> **What you have to do**
From the first line to the last, copy the listing exactly and omit the images.
Input data START
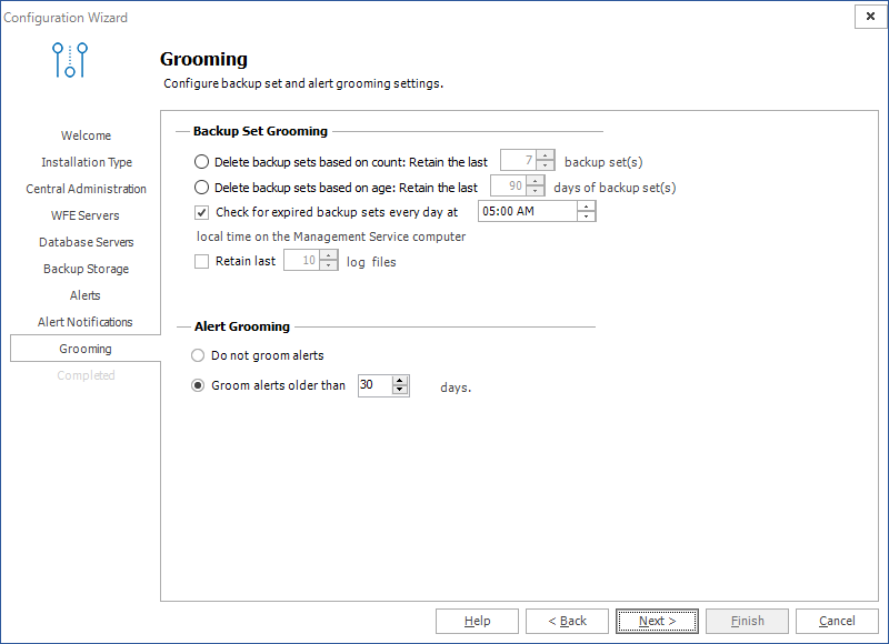 If you choose, Metalogix Backup for SharePoint can groom older alerts and backup sets automatically to conserve storage space. When it grooms data, Metalogix Backup for SharePoint automatically removes the old data from the backup location or the alert log. You can use the Grooming tab in the Configuration wizard to set up the grooming options.
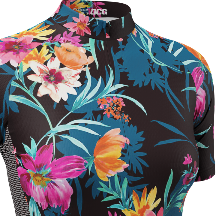 OCG and OCG Originals have come together to bring the Women's Tropical Bloom Short Sleeve Cycling Jersey so you can roll up to your next ride in style and feel the comfort of a female cut jersey.
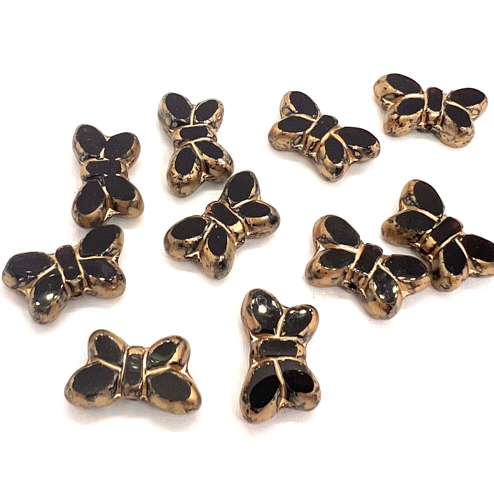 11x20mm Czech Glass Vintage Style Table Cut Butterfly Beads - Jet Picasso - Per Piece
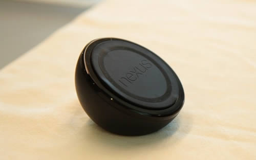 Wireless Charging Orb อุปกรณ์เสริมสำหรับ Nexus 4 ลักษณะทรงกึ่งกลม โดยด้านบนที่มีสัญลักษณ์ Nexus เป็นพื้นที่สำหรับเป็นแท่นวางสำหรับชาร์จไฟซึ่งเป็นแผ่นแม่เหล็กที่สามารถยึด Nexus 4 ให้สามารถใช้งานได้ทั้งแนวตั้งและแนวนอน
Input data END
> **Written answer**
 If you choose, Metalogix Backup for SharePoint can groom older alerts and backup sets automatically to conserve storage space. When it grooms data, Metalogix Backup for SharePoint automatically removes the old data from the backup location or the alert log. You can use the Grooming tab in the Configuration wizard to set up the grooming options.
 OCG and OCG Originals have come together to bring the Women's Tropical Bloom Short Sleeve Cycling Jersey so you can roll up to your next ride in style and feel the comfort of a female cut jersey.
 11x20mm Czech Glass Vintage Style Table Cut Butterfly Beads - Jet Picasso - Per Piece
 Wireless Charging Orb อุปกรณ์เสริมสำหรับ Nexus 4 ลักษณะทรงกึ่งกลม โดยด้านบนที่มีสัญลักษณ์ Nexus เป็นพื้นที่สำหรับเป็นแท่นวางสำหรับชาร์จไฟซึ่งเป็นแผ่นแม่เหล็กที่สามารถยึด Nexus 4 ให้สามารถใช้งานได้ทั้งแนวตั้งและแนวนอน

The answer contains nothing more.